Porter le costume d'arlésienne...
Texte Claudine Labe

 
... est plus qu'un art c'est une façon d'être, le maintien d'une tradition  
 
         


Le respect de la tradition, de l’authenticité et du passé s’exprime à travers le costume. Porter le costume est plus qu’un art, c’est une façon d’être, une véritable passion, il permet de révéler la grâce, la féminité et la beauté des femmes de Provence. Mais le revêtir et se coiffer répond à des codes stricts. Chaque tenue témoigne de la personnalité de celle qui le porte et de la circonstance. Pour les travaux de tous les jours, on le portera en cotonnade assorti d’un fichu en indienne, pour les citadines on choisira le costume en ruban aux tissus soyeux, dentelles et bijoux, au fichu blanc en mousseline plié en triangle et tenant en place par le jeu de quatre épingles d’ou l’expression « tiré à quatre épingles ». Pour les grandes cérémonies, le costume en gansée s’imposera.
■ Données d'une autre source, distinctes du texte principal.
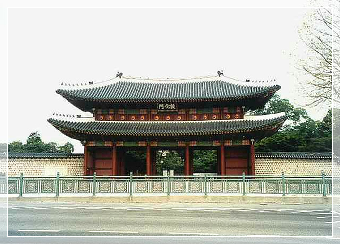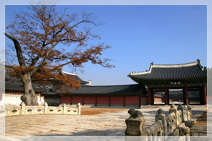 昌德宫,又名乐宫。无论你到昌德宫的哪个区域,首先惊叹于隐含在其中的无限的和谐感和能突出表现其中的每个细节而且相互连接的韵律和调律方式,更为之惊叹的是涌上心头的只能意会不能言传的心绪。所有的建筑是庭院的一角,庭院便是自然。1997年被联合国教科文组织列入《世界文化遗产名录》。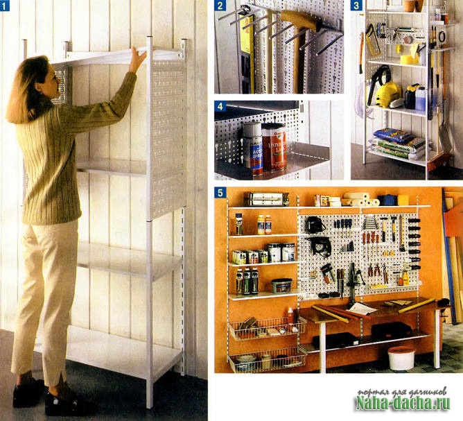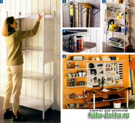 Номера фото с описанием.1-4. С недавних пор в продаже появились сборные стеллажи, состоящие из несущих стоек, полок и боковых стенок из перфорированного металлического листа.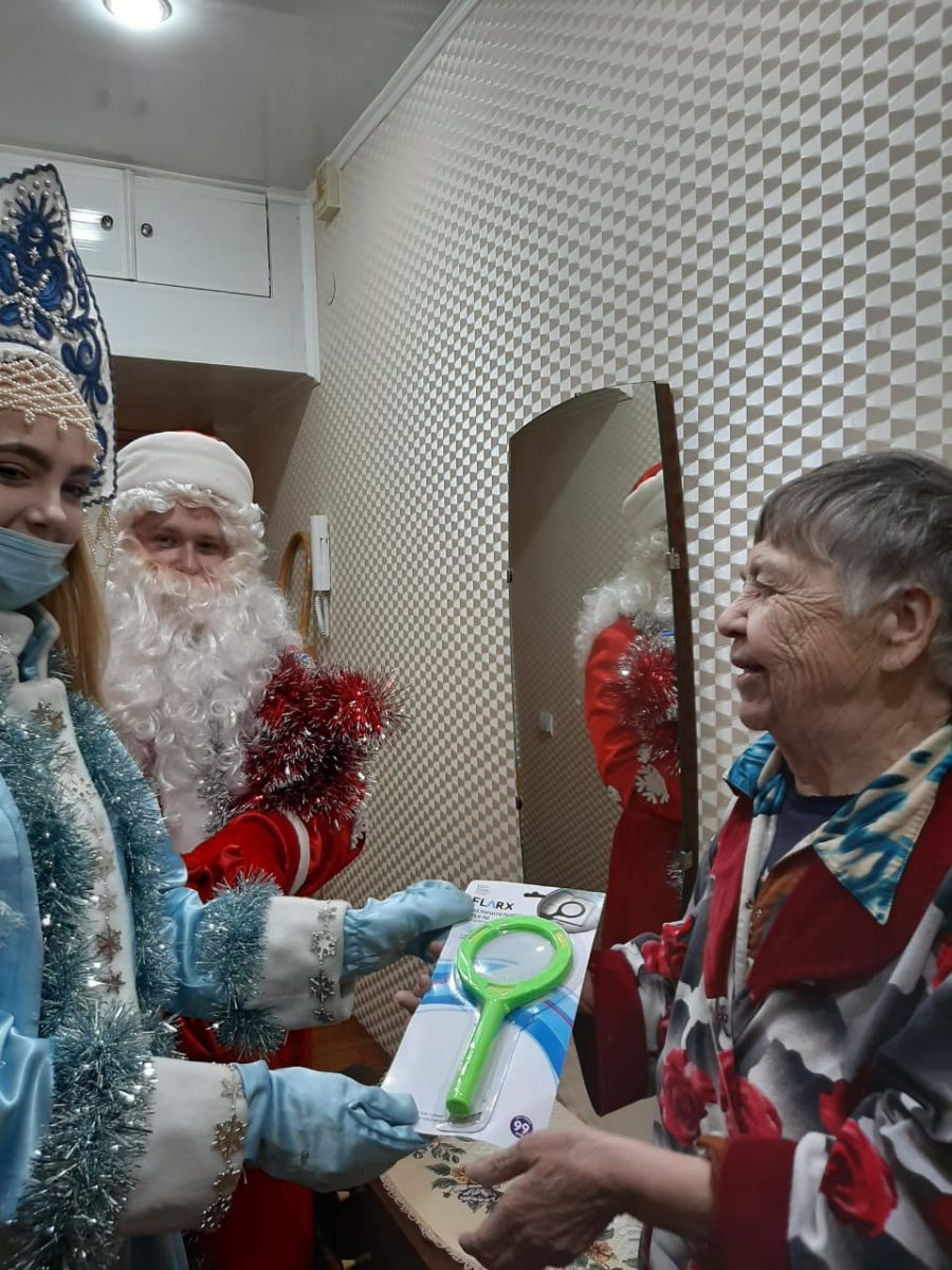 2020 год внес коррективы во многие сферы жизни людей. «Маска», «дистанция», «самоизоляция» - термины, знакомые каждому в период пандемии COVID-19. Появились и освоились новые формы оказания услуг. Взаимоотношения библиотеки и читателей в основном перешли в онлайн формат. Но приближение Нового года - это время чудес, подарков и сюрпризов. Библиотекарь Светлана Чалова организовала новогоднее поздравление пожилых и одиноких читателей с участием Деда Мороза и Снегурочки, в роли которых выступали добровольцы отряда «Волонтёры Победы» БТМСХ, на дому. В течение предновогодней недели волонтёры под руководством сотрудника библиотеки совершили более тридцати поздравительных выездов. Визит артистов стал для людей сказочным сюрпризом! Кроме добрых слов и пожеланий каждый читатель получил подарок от Деда Мороза. Подарки были разные, но крайне необходимые людям с нарушением зрения – «говорящие» будильники, тифлофлешплееры, увеличительные лупы.

Du 18° siècle à nos jours le costume a beaucoup
 
évolué, mais fichu, manteau, eso de soie, sac, ombrelle et bijoux sont toujours l’apanage des belles arlésiennes. Quant au « ruban de testo », il demeure, malgré une évolution dans les motifs et les couleurs, rubans de taffetas ou rubans de velours aux couleurs chatoyantes, l’une des caractéristiques du costume de l’Arlésienne. A la fin du 19° siècle la mode régionale se meurt, Mistral refuse ce constat. Il lance alors un grand événement au cours duquel on remettra aux jeunes filles qui revêtent pour la première fois les atours traditionnels, une broche à l’effigie de son héroïne Mireille et un diplôme illustré par le peintre Léo Lelée. Ainsi naquit la fête du costume, le premier dimanche de juillet au théâtre antique d’Arles les plus somptueux costumes sont de sortie.
La Reine d’Arles, emblème de la ville a un rôle d’ambassadrice Aujourd’hui encore être Reine d’Arles ne relève pas du folklore, c’est une tradition, une façon de vivre qui se continue dans l’histoire. Elle se doit de porter haut les couleurs de la ville, de la région et du costume, faire rayonner la langue, l’histoire et les traditions provençales. D’Angèle Vernet, la première Reine d’Arles élue en 1930 à Caroline Serre la XX°, élue le 1° mai dernier, elle est devenue au fil du temps le
 
symbole d’une culture, un monde où se côtoient le cheval et le taureau, la langue provençale et le costume traditionnel.
L’Arlésienne est une image unique, un mélange de mode adapté aux réalités d’une Provence fière de sa beauté et de ses différences. Mistral disait « Tant qu’auran lou riban e la capello lis arlatenco saran li pus bello ». Pour la reine d’Arles et ses six demoiselles d’honneur (une référence aux sept poètes fondateurs du Félibrige) c’est un honneur d’être élue, un véritable privilège dans lequel il faut savoir accepter les contraintes tout en profitant pleinement des moments merveilleux.